Teknik dan Prosedur Gerak Tari

Untuk dapat melakukan gerak tari yang baik pada setiap tari diperlukan teknik dan prosedur khusus yang berbeda. Teknik berhubungan dengan cara melakukan gerak, sedangkan prosedur berhubungan dengan tahapan-tahapan dalam melakukan gerak. Gerak berjalan misalnya, ada yang dilakukan dengan teknik jinjit.
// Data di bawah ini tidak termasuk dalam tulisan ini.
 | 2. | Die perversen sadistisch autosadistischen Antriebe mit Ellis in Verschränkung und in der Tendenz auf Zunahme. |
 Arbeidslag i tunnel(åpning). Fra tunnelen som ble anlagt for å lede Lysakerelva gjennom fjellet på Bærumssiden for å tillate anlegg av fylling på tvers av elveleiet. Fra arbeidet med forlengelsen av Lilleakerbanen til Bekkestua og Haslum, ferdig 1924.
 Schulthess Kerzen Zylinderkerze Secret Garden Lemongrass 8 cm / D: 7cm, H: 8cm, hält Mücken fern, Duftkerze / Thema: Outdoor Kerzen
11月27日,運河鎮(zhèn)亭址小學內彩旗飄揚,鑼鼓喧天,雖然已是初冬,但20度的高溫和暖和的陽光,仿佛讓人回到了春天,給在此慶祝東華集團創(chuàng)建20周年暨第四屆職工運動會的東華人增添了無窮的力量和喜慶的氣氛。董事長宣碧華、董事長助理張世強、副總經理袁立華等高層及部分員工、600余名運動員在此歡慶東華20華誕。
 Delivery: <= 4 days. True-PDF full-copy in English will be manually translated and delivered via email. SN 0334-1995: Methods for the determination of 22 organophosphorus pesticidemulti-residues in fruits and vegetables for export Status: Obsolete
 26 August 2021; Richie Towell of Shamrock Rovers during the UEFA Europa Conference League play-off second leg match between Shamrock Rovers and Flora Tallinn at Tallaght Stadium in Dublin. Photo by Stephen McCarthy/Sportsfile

Sementara itu, prosedur untuk melakukan gerak berjalan dengan jinjit misalnya dimulai dengan badan tertumpu pada tumit dan melangkah setahap demi setahap.

Melakukan gerak pada tari terdiri dari gerak kepala, gerak tangan, gerak badan dan gerak kaki, berikut adalah penjelasan dari masing-masing jenis gerak menurut Tim Kemdikbud (2018, hlm. 127-130).

Gerakan Badan

Gerakan badan pada tari, di antaranya adalah sebagai berikut.
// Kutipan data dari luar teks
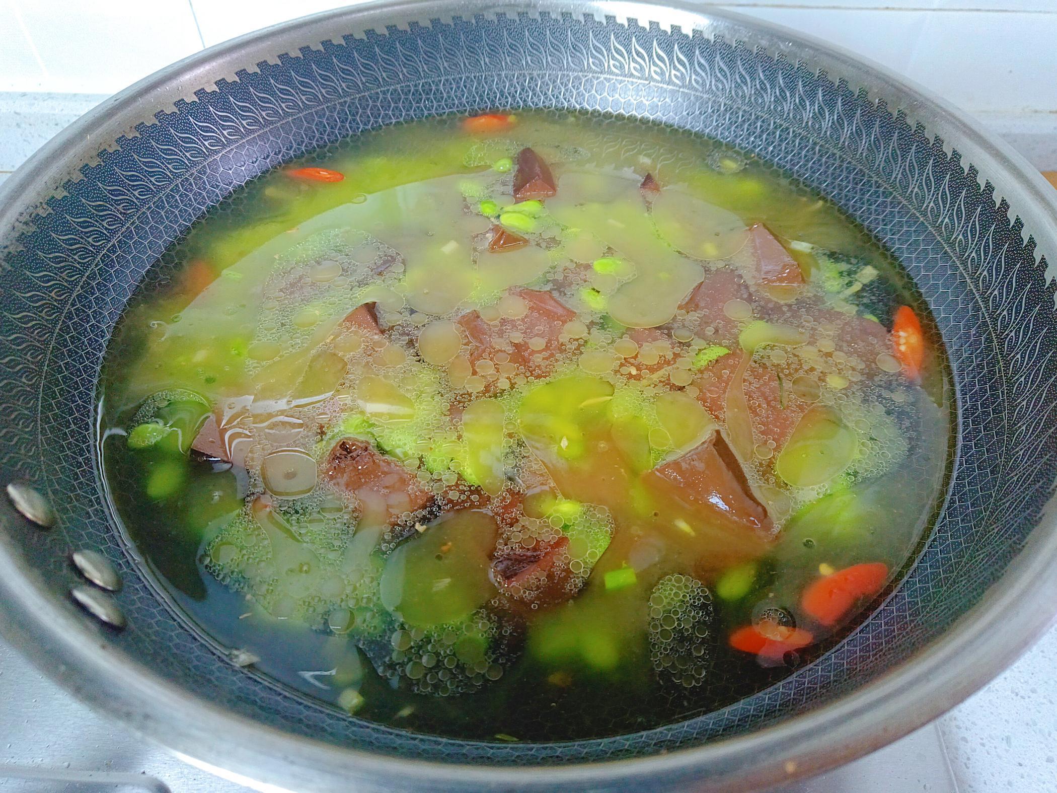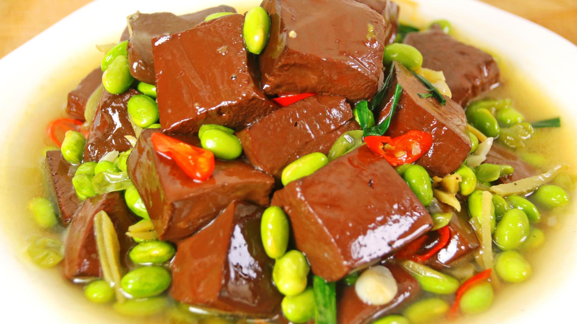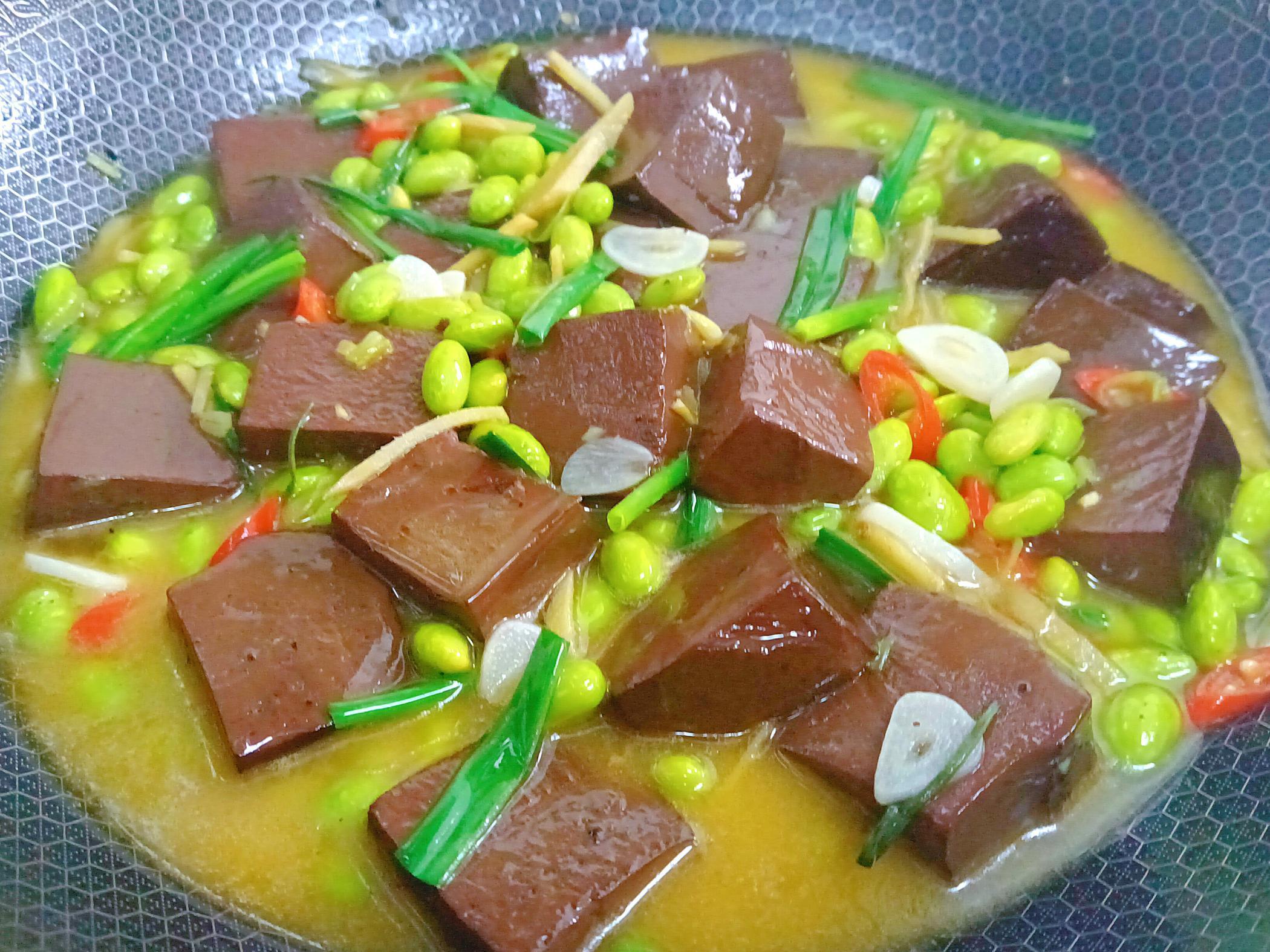 4、起鍋熱油,下薑絲、蔥段、小米辣大火爆香,接着把豬血和毛豆倒進來,再加一碗清水。調味加鹽、雞精、胡椒粉。中火煮開後先用勺子撇一下浮沫,接着繼續煮6分鐘。

  1. Hoyog, yaitu gerakan badan dicondongkan ke samping kanan atau kiri.
  2. Engkyek, yaitu gerakan badan dicondongkan ke kiri atau ke kanan, dengan sikap tangan lurus ke samping.
  3. Polatan, yaitu gerakan arah pandangan.
  4. Oklak, yaitu menggerakkan pundak ke depan dan belakang.
  5. Entrag, yaitu menghentakkan badan ke bawah berkali-kali, seolah-olah badan mengeper.

gerak badan hoyog

Gerakan Kepala

Pada tari Jawa Barat, gerak tari bagian kepala meliputi: galeong, gelieur dan gelengan kepala tengok kanan dan kiri.

gerak kepala galeong

Gerakan Kaki

Gerak tari pada bagian kaki di antaranya adalah sebagai berikut.

  1. Debeg, yaitu menghentakkan ujung telapak kaki.
  2. Gejuk, yaitu menghentakkan kaki ke belakang dengan jinjit.
  3. Kengser, yaitu bergerak ke kiri atau ke kanan dengan menggerakkan kedua telapak kaki.
  4. Srisig, yaitu lari kecil dengan berjinjit.
  5. Trecet, yaitu telapak kaki jinjit bergerak ke kiri dan ke kanan.
  6. Tunjak tancep, yaitu sikap berdiri diam.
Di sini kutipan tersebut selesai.